Input records:
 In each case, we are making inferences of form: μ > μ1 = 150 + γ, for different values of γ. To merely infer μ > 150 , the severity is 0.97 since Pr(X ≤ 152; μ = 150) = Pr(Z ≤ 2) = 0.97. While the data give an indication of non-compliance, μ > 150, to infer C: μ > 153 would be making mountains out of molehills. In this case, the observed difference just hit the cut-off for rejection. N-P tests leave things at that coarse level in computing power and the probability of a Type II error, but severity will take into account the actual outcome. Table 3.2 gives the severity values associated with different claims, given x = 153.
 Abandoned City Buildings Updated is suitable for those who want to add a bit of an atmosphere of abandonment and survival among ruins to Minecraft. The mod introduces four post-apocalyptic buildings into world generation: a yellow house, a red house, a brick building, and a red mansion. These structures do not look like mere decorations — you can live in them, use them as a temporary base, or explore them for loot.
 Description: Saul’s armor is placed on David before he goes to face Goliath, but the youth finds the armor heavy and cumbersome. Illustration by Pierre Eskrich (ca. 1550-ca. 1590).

* * *

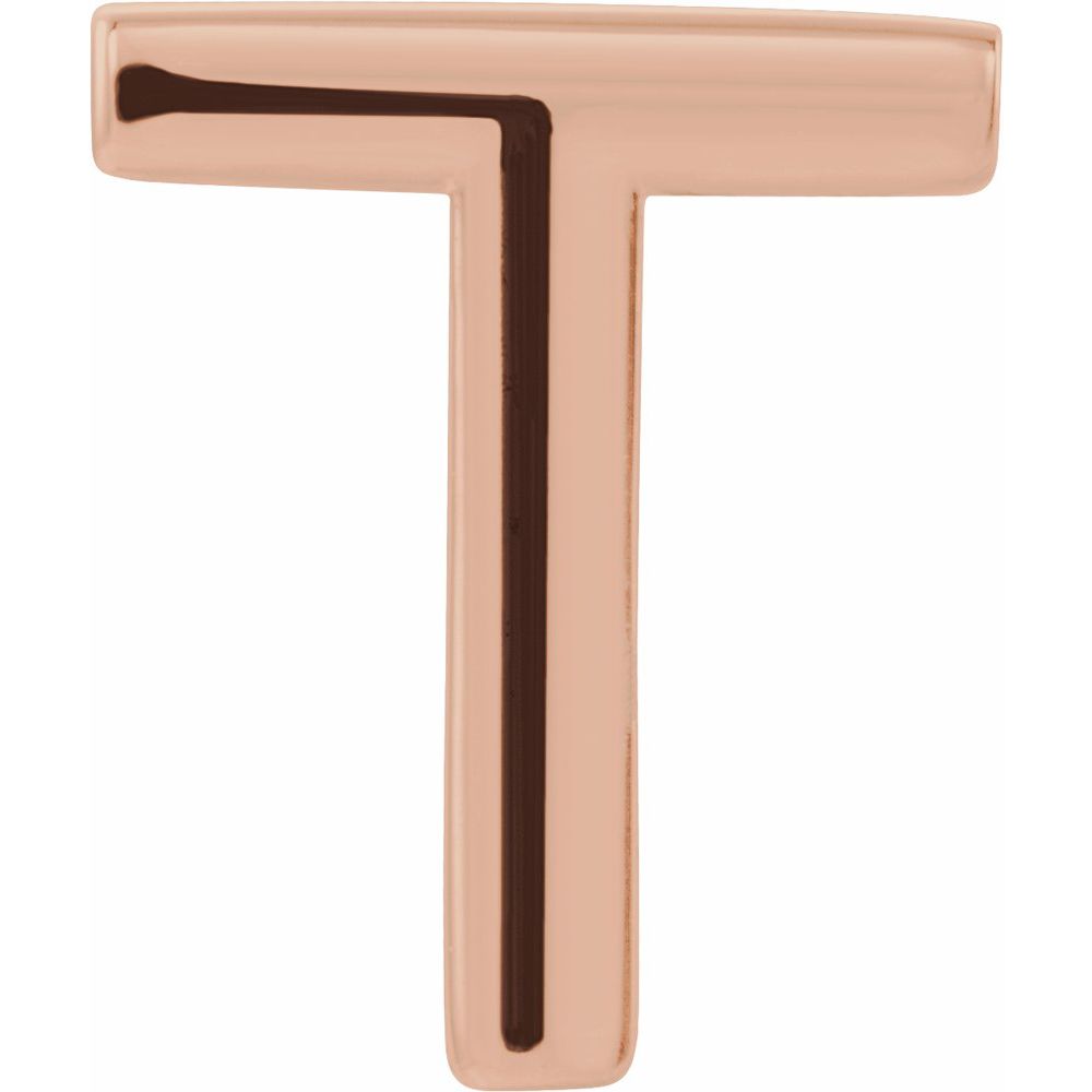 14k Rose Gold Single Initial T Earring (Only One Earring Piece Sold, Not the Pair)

What this task involves: In the records above, find the line with "In each case, we"; write out exactly that line and each one after it, stopping after the line with "Description: Saul’s armor".

Task solution:
 In each case, we are making inferences of form: μ > μ1 = 150 + γ, for different values of γ. To merely infer μ > 150 , the severity is 0.97 since Pr(X ≤ 152; μ = 150) = Pr(Z ≤ 2) = 0.97. While the data give an indication of non-compliance, μ > 150, to infer C: μ > 153 would be making mountains out of molehills. In this case, the observed difference just hit the cut-off for rejection. N-P tests leave things at that coarse level in computing power and the probability of a Type II error, but severity will take into account the actual outcome. Table 3.2 gives the severity values associated with different claims, given x = 153.
 Abandoned City Buildings Updated is suitable for those who want to add a bit of an atmosphere of abandonment and survival among ruins to Minecraft. The mod introduces four post-apocalyptic buildings into world generation: a yellow house, a red house, a brick building, and a red mansion. These structures do not look like mere decorations — you can live in them, use them as a temporary base, or explore them for loot.
 Description: Saul’s armor is placed on David before he goes to face Goliath, but the youth finds the armor heavy and cumbersome. Illustration by Pierre Eskrich (ca. 1550-ca. 1590).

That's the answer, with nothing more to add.